A coprocessor is a computer processor used to supplement the functions of the primary processor (the CPU). Operations performed by the coprocessor may be floating-point arithmetic, graphics, signal processing, string processing, cryptography or I/O interfacing with peripheral devices. By offloading processor-intensive tasks from the main processor, coprocessors can accelerate system performance. Coprocessors allow a line of computers to be customized, so that customers who do not need the extra performance do not need to pay for it.

Contents

Functionality

Coprocessors vary in their degree of autonomy. Some (such as FPUs) rely on direct control via coprocessor instructions, embedded in the CPU's instruction stream. Others are independent processors in their own right, capable of working asynchronously; they are still not optimized for general-purpose code, or they are incapable of it due to a limited instruction set focused on accelerating specific tasks. It is common for these to be driven by direct memory access (DMA), with the host processor (a CPU) building a command list. The PlayStation 2's Emotion Engine contained an unusual DSP-like SIMD vector unit capable of both modes of operation.

History

To make the best use of mainframe computer processor time, input/output tasks were delegated to separate systems called Channel I/O. The mainframe would not require any I/O processing at all, instead would just set parameters for an input or output operation and then signal the channel processor to carry out the whole of the operation. By dedicating relatively simple sub-processors to handle time-consuming I/O formatting and processing, overall system performance was improved.

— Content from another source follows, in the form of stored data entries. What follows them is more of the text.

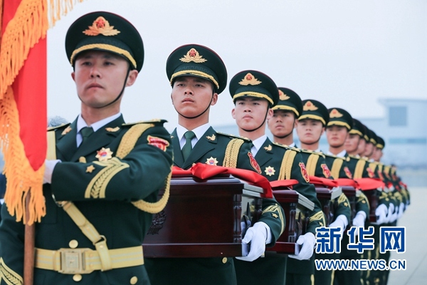 第五批在韓中國人民志愿軍烈士遺骸回國 3月28日,在韓國仁川國際機場,中方禮兵護送志愿軍烈士遺骸上飛機。根據中韓雙方達成的共識,當地時間28日10時,中韓雙方在韓國仁川國際機場莊嚴舉行第五批在韓中國人民志愿軍烈士遺骸交接儀式!
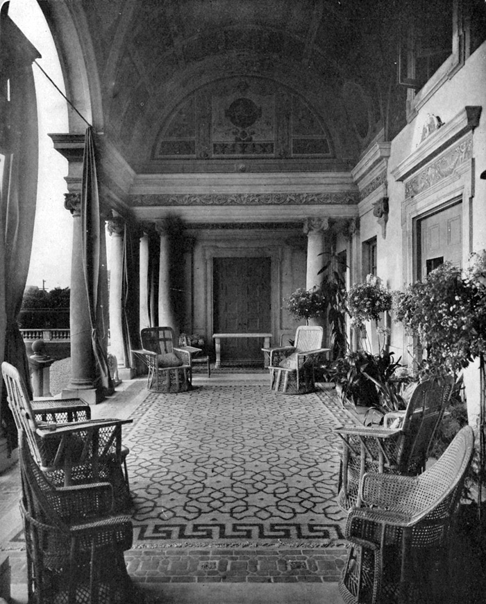 The entrance to this striking villa was through an arched porte-cochere in the south wing. The interiors were also a surprise, unlike any others in the Hamptons, with rich wood paneling, coffered ceilings, frescos, inlaid mosaic floors and equally impressive furnishings covered in velvets and brocades.
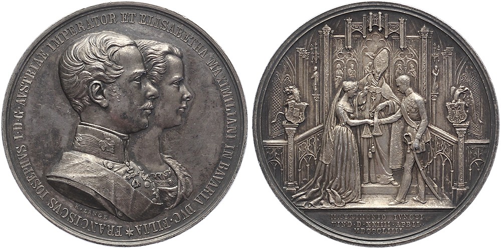 1854 Vermählung Franz Joseph mit Elisabeth von Bayern. Doppelbüste nach rechts. / Trauungsakt in der Augustiner Kirche in Wien, zelebriert von Kardinal Rauscher. AR 56. Horsky 3764; Hauser 297. K. Lange. (keine Randpünze). Vorzüglich.
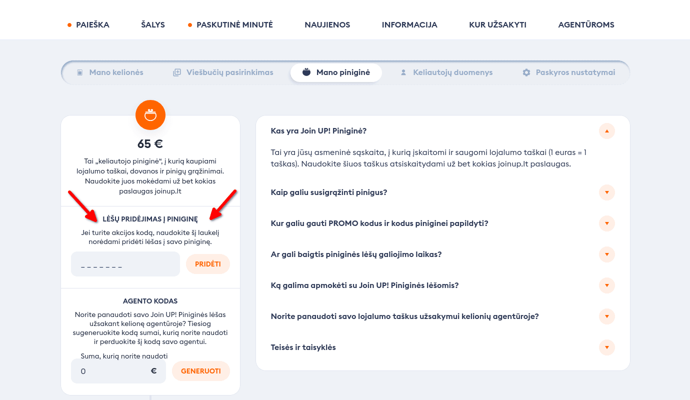 Join UP! piniginė – tai jūsų asmeninė kelionių taupyklė, kurioje kaupiamos premijos už keliones ir rekomendacijas draugams. Kuo daugiau keliaujate ir dalijatės įkvėpimu – tuo daugiau naudos sukaupiate!
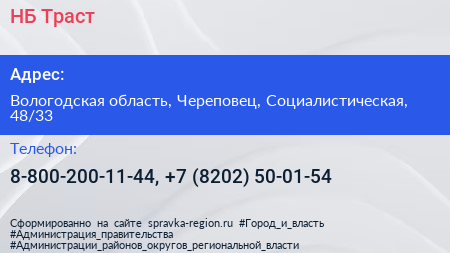НБ Траст по адресу Вологодская область, Череповец, Социалистическая, 48/33 в дальнейшем Организация, размещена в следующих категориях:
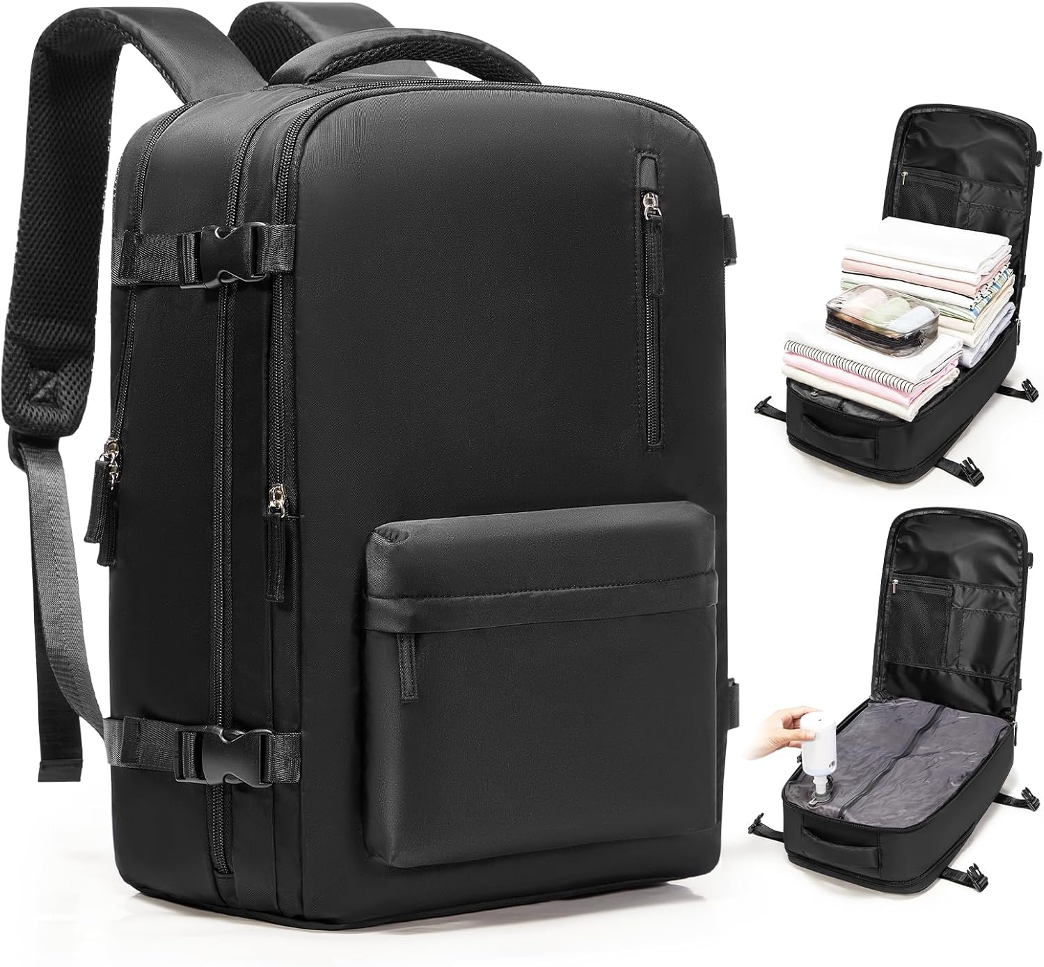 - Ergonomic Comfort System: Designed with a breathable padded back panel and adjustable pressure-relieving shoulder straps for all-day support. The pass-through luggage strap allows hands-free mobility, making this compression backpack for travel a reliable partner on the go.

Coprocessors for floating-point arithmetic first appeared in desktop computers in the 1970s and became common throughout the 1980s and into the early 1990s. Early 8-bit and 16-bit processors used software to carry out floating-point arithmetic operations. Where a coprocessor was supported, floating-point calculations could be carried out many times faster. Math coprocessors were popular purchases for users of computer-aided design (CAD) software and scientific and engineering calculations. Some floating-point units, such as the AMD 9511, Intel 8231/8232 and Weitek FPUs were treated as peripheral devices, while others such as the Intel 8087, Motorola 68881 and National 32081 were more closely integrated with the CPU.

Another form of coprocessor was a video display coprocessor, as used in the Atari 8-bit family, TI-99/4A, and MSX home computers, which were called "Video Display Controllers". The Amiga custom chipset includes such a unit known as the Copper, as well as a blitter for accelerating bitmap manipulation in memory.

As microprocessors developed, the cost of integrating the floating point arithmetic functions into the processor declined. High processor speeds also made a closely integrated coprocessor difficult to implement. Separately packaged mathematics coprocessors are now uncommon in desktop computers. The demand for a dedicated graphics coprocessor has grown, however, particularly due to the increasing demand for realistic 3D graphics in computer games.

Intel

i8087 and i80287 microarchitecture Intel 8087 arch.svg
i8087 and i80287 microarchitecture
i80387 microarchitecture Intel 387 arch.svg
i80387 microarchitecture

The original IBM PC included a socket for the Intel 8087 floating-point coprocessor (aka FPU) which was a popular option for people using the PC for computer-aided design or mathematics-intensive calculations. In that architecture, the coprocessor speeds up floating-point arithmetic on the order of fiftyfold. Users that only used the PC for word processing, for example, saved the high cost of the coprocessor, which would not have accelerated performance of text manipulation operations.

The 8087 was tightly integrated with the 8086/8088 and responded to floating-point machine code operation codes inserted in the 8088 instruction stream. An 8088 processor without an 8087 could not interpret these instructions, requiring separate versions of programs for FPU and non-FPU systems, or at least a test at run time to detect the FPU and select appropriate mathematical library functions.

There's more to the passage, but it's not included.